Shape of a probability density function
A probability density function (i.e. population histogram) can have any shape, though it is usually a fairly smooth curve. Indeed, we often have only rough information about its likely shape from a single sample histogram.
Normal distributions
One family of symmetric continuous probability density functions called normal distributions is particularly useful. Although normal distributions are only appropriate as population models for a small number of data sets, they are extremely important in statistics — their importance will be explained later in this chapter.
At this stage, we will use normal distributions to give a concrete example of a probability density function.
The shape of the normal distribution depends on two numerical values, called parameters, that can be adjusted to give a range of symmetric distributional shapes. The two normal parameters are called µ and σ and are the distribution's mean and standard deviation.
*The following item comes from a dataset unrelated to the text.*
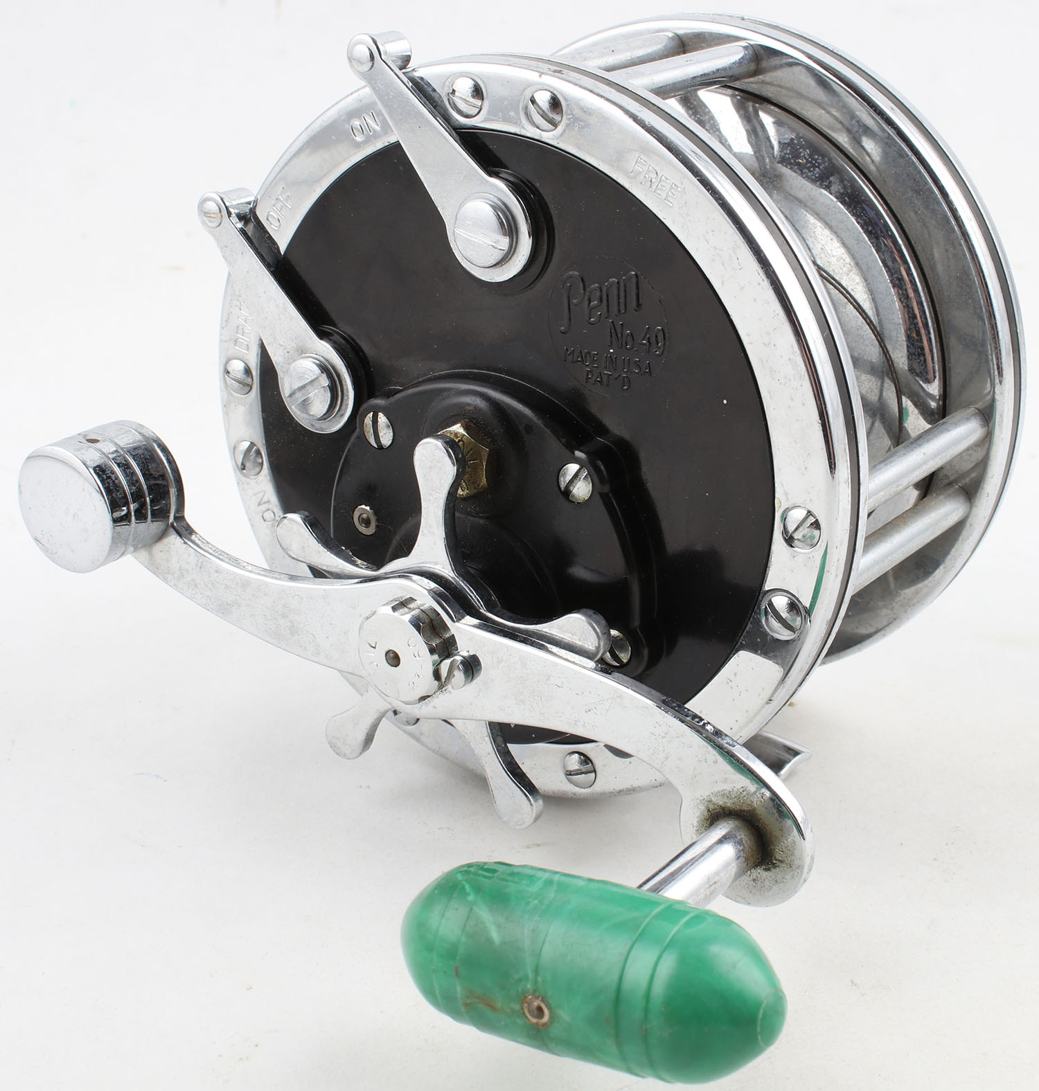 Penn No. 49 Super Mariner, marked 30-49 on reel seat, single handle, very smooth reel turn, clear light clicks. Grade: Excellent - Value: 20 to 60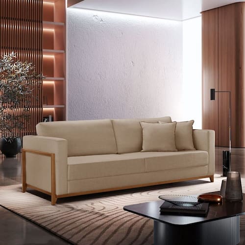 Além disso, o sofá acompanha almofadas decorativas que complementam o visual e proporcionam ainda mais conforto. As linhas retas e o estofado macio garantem uma experiência agradável ao se sentar, tornando-o perfeito para momentos de descanso ou confraternizações. Produto Montado: Sim Acompanha Almofadas extras: 02 Almofada do assento: Fixa Almofada do encosto: Fixa Altura do assento até o chão: 44.0000 Altura do Encosto: 50 cm Ambiente Principal: Sala de Estar codigo_ean: 7900288020239 Complexidade da Montagem: Baixa: pode ser montado por uma pessoa sozinha Cor: Bege Cor do Produto: Bege Densidade do Assento: D-28 Enchimento do Assento: Espuma Firmeza do Assento: Médio Itens Inclusos: 1 Sofá + 1 kit pés Marca: Encantare Material dos Pés: Madeira Necessita Montagem: Sim Peso: 70 kg Pet Friendly: Não Possui Mola: Sim Possui Percintas Elásticas: Sim Possui Pés: 05 Possui Rodízio: Não Recomendações de Uso, Manutenção e Limpeza: Limpeza com pano seco Sistema de Montagem: Parafusos Suporta Até (kg): 100 kg Tecido Predominante: Linho Tipo de Encosto: Fixo Tipo de Mola: Molas Bonnel Tipo de Sofá: Sofá Comum Marca: Encantare

Shape of the normal family of distributions
Use the two sliders to adjust the normal parameters. Observe that the location and spread of the distribution are changed, but other aspects of its shape remain the same for all values of the parameters.
Note also that the total area under the probability density function remains the same (exactly 1.0) for all values of the parameters. This holds for all probability density functions.
For some data sets, a normal distribution does provide a reasonable model. The two parameters can be chosen to make the distribution's shape match that of a histogram of the data as closely as possible.
Job satisfaction ratings
Merchandise buyers are critically important to the success or failure of retail ventures, both through negotiations over pricing and decisions about the types of product that will be stocked. Because of high turnover of staff in this area (estimated to be over 25 percent per year), research was carried out to determine the factors related to turnover.
The diagram below shows job satisfaction ratings of a sample of 212 buyers on a scale of 0 (worst) to 30 (best), with a superimposed normal probability density function.
Use the sliders to adjust the normal parameters to obtain as close as possible a match to the histogram. This normal distribution can be used as an approximate model for how the data might have arisen.
We have used a subjective procedure of matching the shapes of the histogram and probability density 'by eye'. A more objective way to 'estimate' the normal parameters will be presented in the next chapter. Click the button Best fit to apply this objective method.
We will revisit normal distributions later in this chapter.